10-30-2012, 12:52 PM
Joined: Dec 2009
Location: East Anglia
Day 12 Goreme, Turkey
I was up early this morning, not because of the need to go sightseeing or because I wanted to get on with the bike maintenance but because a twatting dog was barking next to my head at 5 o clock! I think it would have been an early start anyway as there was a few hot air balloons overhead.
Al wanted to go off roading on some of the tracks around the town today but my knee was giving me pains similar to someone sticking a sharp pencil in the back of my leg so standing on the pegs of a bike was not going to be possible for me. He was a bit unhappy with me I think but I was more gutted as he was.
We decided on a Turkish breakfast in a local restaurant which consisted of ham, cheese, fresh bread, jelly and an omelette. Very nice. Yet again a random waiter came over and spoke with us for 20 minutes about Goreme. His name was Adnan; he was Iranian and had been exiled from his country. He spoke great English and it turned out he had been in Manchester for a couple of years studying Interior Design but when money became a bit tight he came back to his family in Turkey in the hope they could save enough money in a few years to emigrate to Australia. He gave us a few local knowledge tips about what to see and do and left us to enjoy the food.
We went back to the campsite to start sorting the bikes out, clean the tar off, and check all the fluids. I had to tighten the back brake up and try and sort some wind protection because of the missing screen.
The missing screen
Al was removing the fuel tank to tighten the headbolts that had been removed to fix his oil leak. Maintenance done we locked our kit away, dressed light and headed out on the bikes to see what we could find.

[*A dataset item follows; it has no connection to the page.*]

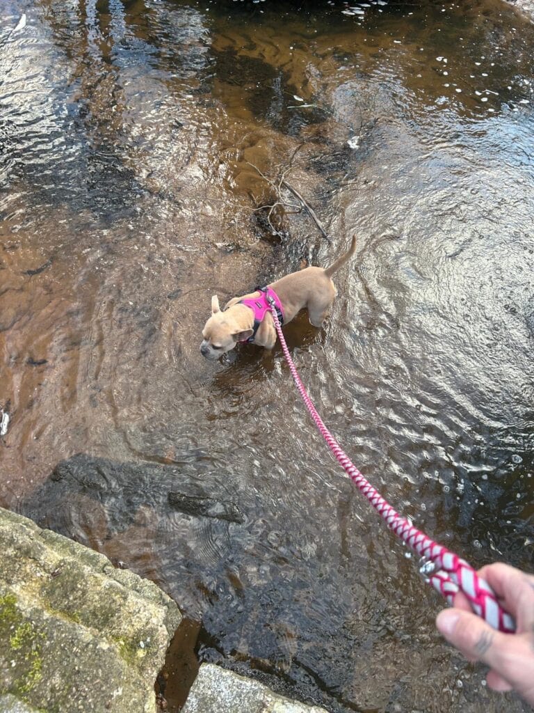 Sie kann alleine bleiben, nutzt ihre Hundebox zuverlässig und ist bei Hundebegegnungen – mit Anleitung – gut händelbar. Angst machen ihr vor allem Gewitter, Sturm und starker Regen.

First stop was Kale Girisi which is locally known as a castle, but having been born and bred right next to Caerphilly Castle in Wales I fail to see how this tiny monument warrants that title. See if you can see my issue, one of these photos is taken from my bedroom window in Wales the other is Kiri Castle.
It was pretty impressive mind, even if the scale was a little smaller than I think a castle should be. We walked to the top of the ramparts and could see this was the highest point around and therefore gave some spectacular views.
The view from the top
We did talk some bloke into taking a picture of us right on the top next to the flag and for some reason his girlfriend wanted to get in the photo with us.
From there we rode down to a viewing point overlooking the chimneys, There was loads of tourists with several bus tours arriving the same time as we did. I don’t suppose I should complain about this though as those that came from Istanbul would have sat on a bus for up to 10 hours to see what we were visiting. We sat for about half hour watching the large parties of people and drinking a cold can of coke and noticed not one of them spent any money in the local stalls, not even to buy a drink.
Just a small selection of the views
Al's afternoon was taken up off roading around some of the tracks that local companies take quad bike tours. He came back with a big grin on his face. I had been bored lying by the pool getting some sun with a cold bottle of Efes lager, so was particularly annoyed when he told me had fallen off. You see Al does not fall off very much so when he does it is usually a big one. He even forgot to take a photo for the ride report. I should say Al did get fully kitted up for his off roading, he just never took any photos
After a nasty experience in Morocco Al feels the need to be physically abused by hairy men. Some of you may have heard it called a Hamam. It is an activity where you get naked with another bloke in a steam room and they batter shit out of you with big sticks……. Or that’s what it looks like in my brain anyway. Al was determined to get me in there and had been working on me for days trying to persuade me. The only way I was going in was if he found me a nice blonde female masochist called Kristina who just happened to work in a Hamam in Goreme. It was never going to happen, so Al left me in a pub while he went off to be violated by the local pain giver. I have to say he looked quite relaxed when he returned but so was I, I had drunk 4 bottles of Efes for half the price of his massage.
The view from my pub
We had both OD’d on Kebab since getting to Turkey so I had the chicken pizza and Al went for some Turkish stew on a sizzling platter, why is it whenever you got out for food, whoever you are with gets a much nicer looking plate of food than you.
We went back to the campsite for an early night as we wanted to make a quick getaway in the morning. However there were 2 tents pitched so close to Alan's tent that the material was touching. Andreas, Paul and his girlfriend whose name escapes me had been to a 3 day rave at Lake Van and were in town to support their mate, who was a DJ and playing at Bar-Bera, a local club. They did invite us to join them but as we wanted to leave early kindly declined and sloped off for some kip. If I had realised what was to come I would have gone partying til the early hours.